Jack Ozburn

Personal information
- Born: January 4, 1913 Murphysboro, Illinois, U.S.
- Died: February 14, 1969 (aged 56) Akron, Ohio, U.S.
- Listed height: 6 ft 1 in (1.85 m)
- Listed weight: 175 lb (79 kg)

Career information
- High school: Murphysboro (Murphysboro, Illinois)
- College: Monmouth (Illinois) (1930–1934)
- Playing career: 1937–1942
- Position: Shooting guard / small forward

Career history
- 1937–1941: Akron Firestone Non-Skids
- 1941–1942: Toledo Jim White Chevrolets

Career highlights
- 2× NBL champion (1939, 1940); All-NBL First Team (1941); 3× All-NBL Second Team (1938–1940); AAU All-American (1937);

= Jack Ozburn =

American basketball player (1913–1969)

John Andrew Ozburn (January 4, 1913 – February 14, 1969) was an American basketball player who played five seasons in the American National Basketball League (NBL), a precursor to the modern NBA.

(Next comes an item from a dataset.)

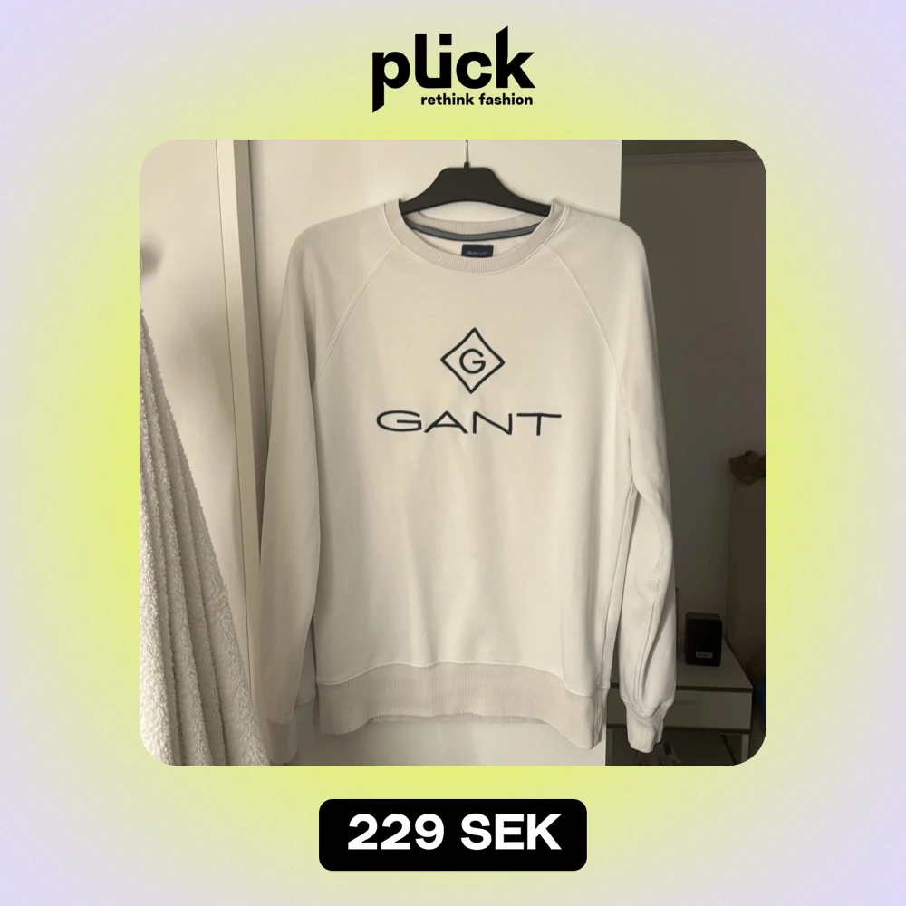 Säljer en stilren vit sweatshirt från GANT, har använt den 3 - 5 gånger och väljer nu att sälja den. Den är i mycket bra skick.

Ozburn starred in basketball and track at Monmouth College in Monmouth, Illinois. Following his college graduation in 1934, he played for the Kansas City Santa Fe Trails of the Amateur Athletic Union (AAU), where he was named an AAU All-American in 1936. He then moved to the NBL, where he played four seasons for the Akron Firestone Non-Skids from 1937 to 1941, winning league titles in 1939 and 1940. He played one final NBL season for the Toledo Jeeps.

He enlisted in the U.S. military in 1942–1945 during World War II.